I am an Assistant Professor at Texas A&M University in the Department of Visualization, where I lead the Interactive Data and Immersive Environments (INDIE) research group. My research interests include immersive virtual reality, visual analytics, educational software, training systems, and human-computer interaction. Descriptions of selected projects are below. My CV is also available.
Visual History Tools for Analytic Process Memory
Visual provenance tools can help capture and represent the history of analytic processes. Fully detailed analysis records could enable thorough process reviews and lead to strong understanding of the steps taken in analysis, but such review would cost a great deal of time and could require a large amount of data storage. Lightweight representations of visual history are more practical for portability and quick referencing, but how much do lightweight representations aid recall, and what level of detail is necessary? In this research, we investigate these questions with a controlled evaluation of how the level of detail of visual history aids affects the ability to remember and explain memory the analysis process.
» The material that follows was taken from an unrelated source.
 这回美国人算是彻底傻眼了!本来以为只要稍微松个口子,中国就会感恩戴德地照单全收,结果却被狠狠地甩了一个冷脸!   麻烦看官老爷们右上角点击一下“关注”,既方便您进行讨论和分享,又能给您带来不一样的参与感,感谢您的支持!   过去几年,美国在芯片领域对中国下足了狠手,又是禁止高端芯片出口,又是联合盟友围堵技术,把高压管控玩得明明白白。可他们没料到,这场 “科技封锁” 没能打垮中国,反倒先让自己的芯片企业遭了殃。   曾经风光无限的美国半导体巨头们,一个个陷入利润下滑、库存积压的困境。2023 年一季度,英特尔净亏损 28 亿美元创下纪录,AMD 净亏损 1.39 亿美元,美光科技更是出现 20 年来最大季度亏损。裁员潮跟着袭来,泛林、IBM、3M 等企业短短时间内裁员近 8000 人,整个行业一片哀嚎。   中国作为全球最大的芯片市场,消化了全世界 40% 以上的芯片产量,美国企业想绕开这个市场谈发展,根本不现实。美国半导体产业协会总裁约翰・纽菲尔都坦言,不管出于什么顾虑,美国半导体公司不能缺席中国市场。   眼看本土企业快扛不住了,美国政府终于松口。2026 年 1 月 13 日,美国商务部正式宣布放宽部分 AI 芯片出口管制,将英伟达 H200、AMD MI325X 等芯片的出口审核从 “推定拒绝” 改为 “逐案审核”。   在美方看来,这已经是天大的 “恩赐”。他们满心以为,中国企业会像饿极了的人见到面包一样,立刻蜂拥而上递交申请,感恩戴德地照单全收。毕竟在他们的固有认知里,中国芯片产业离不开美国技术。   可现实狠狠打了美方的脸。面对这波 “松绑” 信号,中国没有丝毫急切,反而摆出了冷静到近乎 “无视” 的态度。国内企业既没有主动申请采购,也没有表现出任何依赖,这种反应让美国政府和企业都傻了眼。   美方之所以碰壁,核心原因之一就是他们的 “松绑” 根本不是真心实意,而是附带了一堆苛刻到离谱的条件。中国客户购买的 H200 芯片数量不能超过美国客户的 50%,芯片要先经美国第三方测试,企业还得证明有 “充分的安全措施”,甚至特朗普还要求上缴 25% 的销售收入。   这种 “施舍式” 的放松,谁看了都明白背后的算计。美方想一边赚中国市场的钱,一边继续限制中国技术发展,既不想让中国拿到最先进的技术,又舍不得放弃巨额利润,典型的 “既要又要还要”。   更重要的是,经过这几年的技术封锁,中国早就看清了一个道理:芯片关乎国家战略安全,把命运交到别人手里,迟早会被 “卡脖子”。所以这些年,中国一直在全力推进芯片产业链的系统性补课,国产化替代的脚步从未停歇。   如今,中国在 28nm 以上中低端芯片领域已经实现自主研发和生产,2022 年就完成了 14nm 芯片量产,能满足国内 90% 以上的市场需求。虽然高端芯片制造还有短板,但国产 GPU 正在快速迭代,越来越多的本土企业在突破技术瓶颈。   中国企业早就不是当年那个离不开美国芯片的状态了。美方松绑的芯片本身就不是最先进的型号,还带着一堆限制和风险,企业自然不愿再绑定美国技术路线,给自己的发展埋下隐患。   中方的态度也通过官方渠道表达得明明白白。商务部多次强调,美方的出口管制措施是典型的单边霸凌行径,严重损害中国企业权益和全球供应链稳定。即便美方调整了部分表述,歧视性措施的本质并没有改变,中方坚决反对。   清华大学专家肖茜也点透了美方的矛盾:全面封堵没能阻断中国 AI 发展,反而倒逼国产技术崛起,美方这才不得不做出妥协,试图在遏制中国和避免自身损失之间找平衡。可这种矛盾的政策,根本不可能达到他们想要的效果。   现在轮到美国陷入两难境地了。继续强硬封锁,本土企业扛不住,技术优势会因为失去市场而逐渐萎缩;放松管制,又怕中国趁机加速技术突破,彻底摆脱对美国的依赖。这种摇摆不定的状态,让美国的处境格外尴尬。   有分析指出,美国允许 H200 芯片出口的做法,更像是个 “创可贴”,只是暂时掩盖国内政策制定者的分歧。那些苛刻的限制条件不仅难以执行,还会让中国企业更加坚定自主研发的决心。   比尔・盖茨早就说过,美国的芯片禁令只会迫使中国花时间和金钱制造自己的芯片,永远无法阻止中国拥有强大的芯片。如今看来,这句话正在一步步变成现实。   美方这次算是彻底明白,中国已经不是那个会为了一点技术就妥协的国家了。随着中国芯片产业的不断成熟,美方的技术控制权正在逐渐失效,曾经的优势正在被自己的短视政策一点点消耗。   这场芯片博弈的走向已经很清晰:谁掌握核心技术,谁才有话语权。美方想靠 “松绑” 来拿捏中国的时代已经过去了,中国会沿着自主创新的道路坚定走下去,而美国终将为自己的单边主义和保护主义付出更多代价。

Learning with Locations in 3D Virtual Environments
I am investigating how people use space and locations to help themselves learn in virtual environments. I am interested in whether learners can take advantage of 3D layouts to help understand information. Although complex arrangements of information within 3D space can potentially allow for large amounts of information to be presented, accessing this information can become more difficult due to increased navigational challenges. This work is also concerned with further understanding the effects of a virtual environment's level of spatial fidelity, involving the distinction between physical and virtual 3D space. This project was done in collaboration with School of Education at Virginia Tech, and it uses an educational environment to teach a history lesson about the First World War. This research is exploring design factors for 3D educational environments and is considering factors such as information layout, environmental detail, travel techniques, and immersive display fidelity.
Design and Evaluation of Visualizations for Analysis of Streaming Data
Data analysis on high volume, high velocity data is becoming increasingly important to allow analysts to make decisions more quickly than traditional methods allow. Human analysts need visualization tools to be able to keep up with the data stream to have any chance of maintaining a real-time investigation. This project includes the identification of fundamental data attributes and visualization design factors relevant for streaming data, followed by the systematic evaluation of the effectiveness of the design factors for human analysis tasks.
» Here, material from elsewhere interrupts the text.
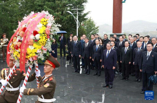 当地时间2025年10月10日下午,在中国人民志愿军抗美援朝出国作战75周年之际,中共中央政治局常委、国务院总理李强专程赴安州中国人民志愿军烈士陵园凭吊烈士。
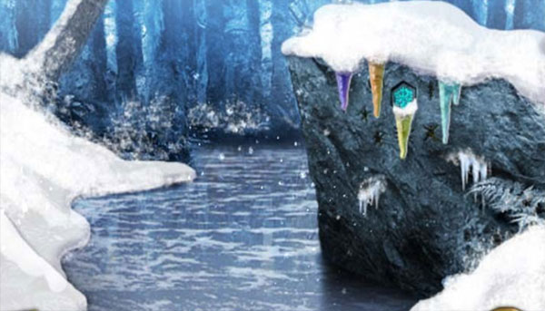 9、来到此图,使用第二颗心,点击雪花按钮,场景变换。如图所示:

Supporting Cognitive Processing with Spatially Distributed Information Presentations
Through a series of controlled experiments, this work studied how people process information when items are presented at different locations in physical or virtual space. We have found evidence that spatial information layouts can support improved memory through spatial indexing, but this is not always the case. Through studies using both large 2D displays and immersive virtual reality systems, we have worked to better understand how people use locations when trying to learn spatially distributed information.
Evaluating Training Effectiveness for Visual Scanning with VR Systems
Virtual simulations allow military personnel to train for real-world scenarios. In this project (supported by the Office of Naval Research), we are studying how various hardware and software factors affect training transfer for visual scanning tasks. For example, with a task involving the identification of weapon carriers in an urban environment, our research showed significant improvements in training transfer after training with increased levels of visual realism. By taking advantage of both head-mounted displays and surround-screen projection systems, we are also studying how display properties affect training and the ability to maintain orientation within complex 3D spaces.
Immersive Data Analysis for Virtual Exploration of Space
Working with NASA Langley Research Center and the National Institute of Aerospace, we explored the use of immersive virtual environments based on real places that are too far away for physical human exploration. The virtual medium allows interesting combinations and representations of information collected by NASA. In this research, we are exploring methods for integrating multiple data visualizations into a single environment. We are studying the effects of varying levels of display fidelity and navigational control on understanding scientific data.
Collaborative Navigation in Virtual Search and Rescue
This research explores the use of a collaborative guidance system for search-and-rescue in a complex 3D environment. Based on an augmented reality approach, we implemented and evaluated a proof-of-concept system that allowed a scene commander and responder to efficiently search a building using visual, nonverbal communication. We named our implementation CARNAGE (Collaborative Augmented Rescue Navigation and Guidance Escort). This project began as an entry for IEEE 3DUI Contest 2012, where it won both the First Place Award and the Popular Choice Award.